Durante el mes de diciembre es tradición para algunos negocios obsequiar almanaques a sus clientes: ferreterías, gasolineras, talabarterías, peleterías, farmacias, restaurantes y hasta surtidoras de abarrotes recurren casi siempre a fotografías de motivos trillados que pueden incluir ya sea arreglos florales, bodegones con comida, niñas y niños rubios o paisajes alpinos mostrando manantiales y cascadas que lucen tan ajenos, lejanos e imposibles como el jardín del Edén.
Pero nada como los almanaques que dan en las aceiteras, los pinchazos y los talleres mecánicos para despacharlo a uno con tremendas chavotas de destacados bultos, escasa ropa, atrevida mirada y complaciente sonrisa. A este tipo de almanaques-calendarios yo les llamo, más bien, calentarios.
A veces llegamos a acumular demasiados de ellos.

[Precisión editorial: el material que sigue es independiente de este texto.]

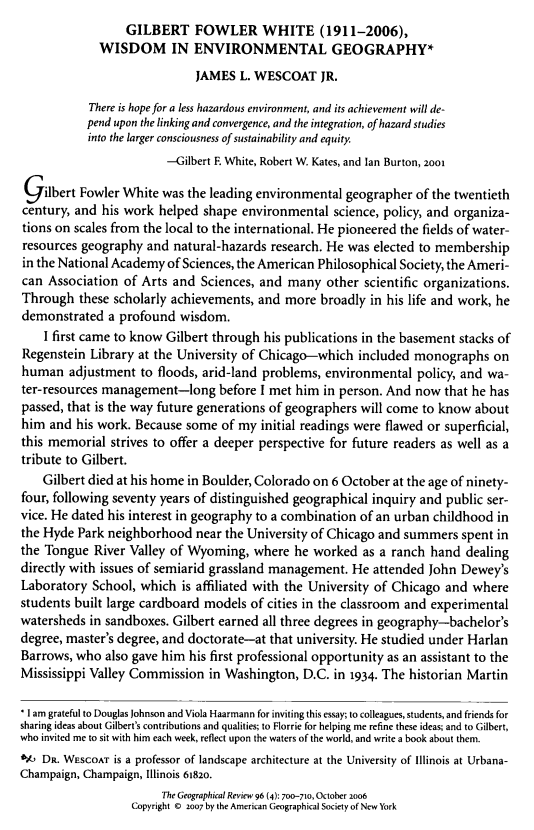 Wescoat Jr, J. L. (2006). Gilbert Fowler White (1911-2006): Wisdom in Environmental Geography. Geographical Review, 96(4), 700–710. https://doi.org/10.1111/j.1931-0846.2006.tb00524.x.
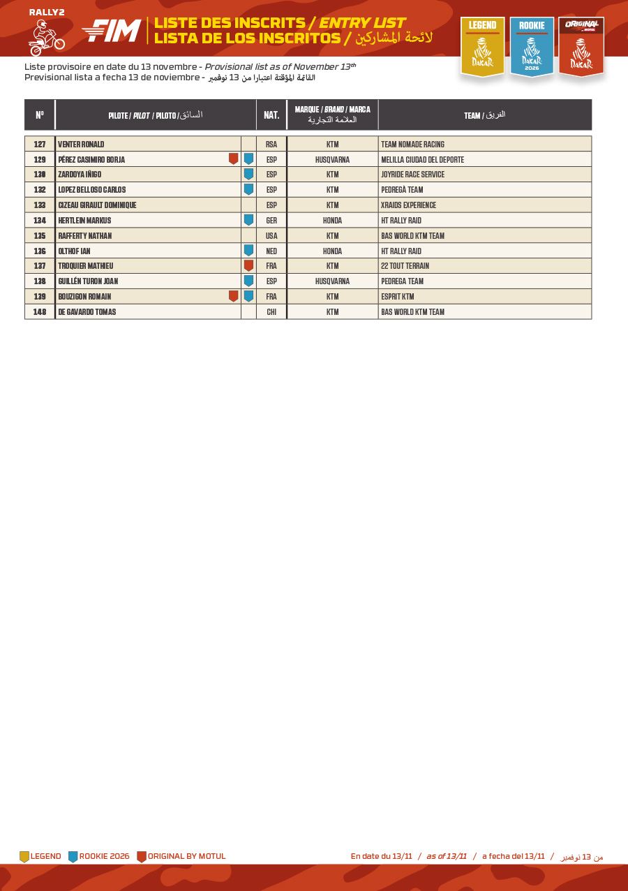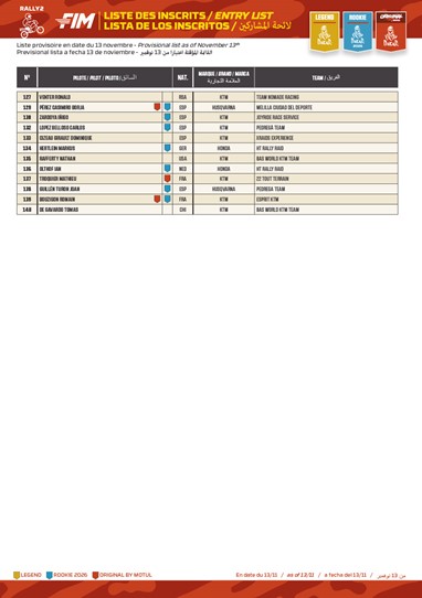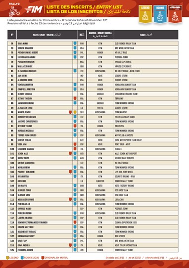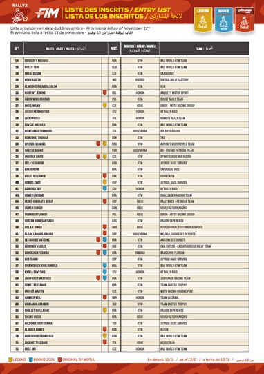 A lista oficial de inscritos já revelada contém os nomes dos pilotos e equipas num total de 325 veículos: 118 motos FIM e 207 inscrições FIA: 72 na Ultimate, 37 na Challenger, 43 SSVs, 8 na Stock e ainda 47 camiões.

Tantos, que ya no sabe uno donde colocarlos, ante lo cual queda siempre la posibilidad de sacarles raja como atractivos forros para los cuadernos, o como pósters que se cuelgan en la pared ya sin el estorbo de las hojas que marcan el paso de los días, las semanas y los ciclos lunares.

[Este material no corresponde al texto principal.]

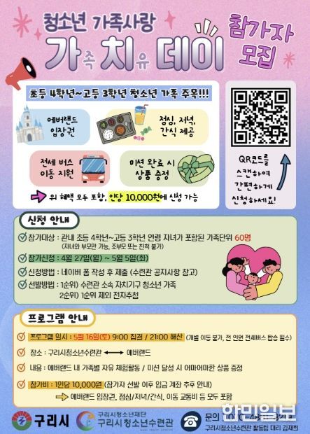 모집 대상은 구리시 관내 초등학교 4학년부터 고등학교 3학년까지의 자녀를 포함한 가족 총 60명이다. 참가자 전원에게는 에버랜드 자유이용권을 비롯해 식사와 간식, 전세버스 이동 지원 등이 제공된다.

Entonces nos sorprendemos atesorando aquellas fotos a todo color como si fueran únicas en su género, talvez porque en el fondo sí nos resultan algo exótico, fuera de lo normal, igual de lejano que las niñas y niños rubios, igual de ajeno que los manantiales y cascadas de los paisajes alpinos e igual de imposibles que el sueño de recobrar el paraíso perdido.
Las feministas nos recuerdan que, al consumir estas imágenes, estamos haciendo de la mujer una mercancía y de su cuerpo un objeto de deseo. Caro paga uno la ofensa por abrazar fantasías eróticas; después de soñar con un pedazo de papel, las mujeres de carne y hueso que vemos a nuestro alrededor ya no nos estimulan lo mismo que antes...
...a menos que tengan las mismas medidas.